Emília Márkus (married name Pulszky; September 10, 1860 - December 24, 1949) was a Hungarian aristocrat, politician and the most renowned actress of her time in Hungary, known for her roles in a number of Hungarian theatrical and film productions, including Three Spinsters (1936), A táncz (1901), and Az aranyhajú szfinksz (1914).

==Biography==
Emília Márkus was born in Szombathely, Hungary as the sixth child of József Márkus and Anna Horvát (sister of Boldizsár Horvát). One of her brothers was József Márkus, the Mayor (1896–1897) then Lord Mayor of Budapest (1897–1906).

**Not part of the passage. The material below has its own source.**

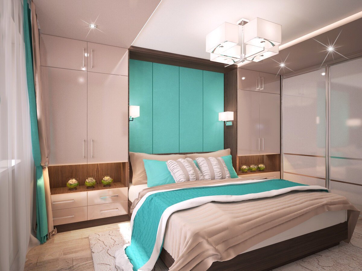 Спальня в мятном цвете с шкафом купе
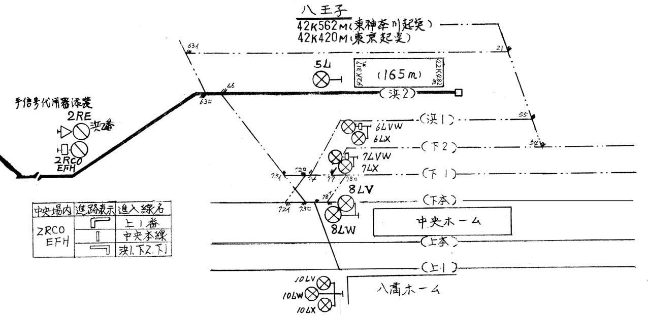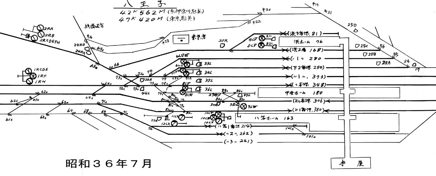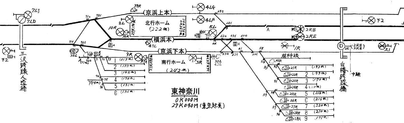 下記の図はこの頃の配線図ですが、横浜線ホーム長は4両分(76m)しかなく連絡階段も1つしかなく

In 1878 she graduated from the Actor's Academy and was immediately contracted by the National Theatre, where she was engaged until her death in 1949. On June 7, 1882, she married Károly Pulszky (1853-1899), a Hungarian art collector, politician, member of Parliament and director of the Hungarian National Gallery of Art and founder of the Museum of Fine Arts in Budapest. Károly's family came from Poland and were of French Huguenot descent, but had converted to Catholicism. Her first daughter, Terézia Pulszky (born on May 5, 1883) was called Tessa. Her second daughter, Romola de Pulszky, born on February 19, 1891, married Vaslav Nijinsky. Károly Pulszky went into exile because of a political scandal associated with art purchases for the gallery, first to London and then to Australia. After 17 years of marriage, he committed suicide at the age of 45 in Brisbane, Australia. Emília was remarried to Oscar Pardany in 1903.

==Cultural depictions==

===In film===
- The Dancer (planned film, 1970). The screenplay was written by playwright Edward Albee. The film was to be directed by Tony Richardson and star Rudolf Nureyev as Nijinsky, Claude Jade as Romola and Paul Scofield as Diaghilev, but producer Harry Saltzman canceled the project during pre-production.
- Nijinsky (1980), directed by Herbert Ross, starring professional dancers George de la Peña as Nijinsky and Leslie Browne as Romola, with Alan Bates as Diaghilev, Jeremy Irons as Fokine and Janet Suzman as Emilia Markus. Romola Nijinsky had a writing credit for the film.
- The Diaries of Vaslav Nijinsky (2001), written, directed, shot and edited by Paul Cox. The screenplay was based on Nijinsky's diaries, with the speeches read over related imagery by Derek Jacobi. The subject matter included his work, his illness, and his relationships with Diaghilev and Romola. Several Leigh Warren Dancers portrayed the dancer.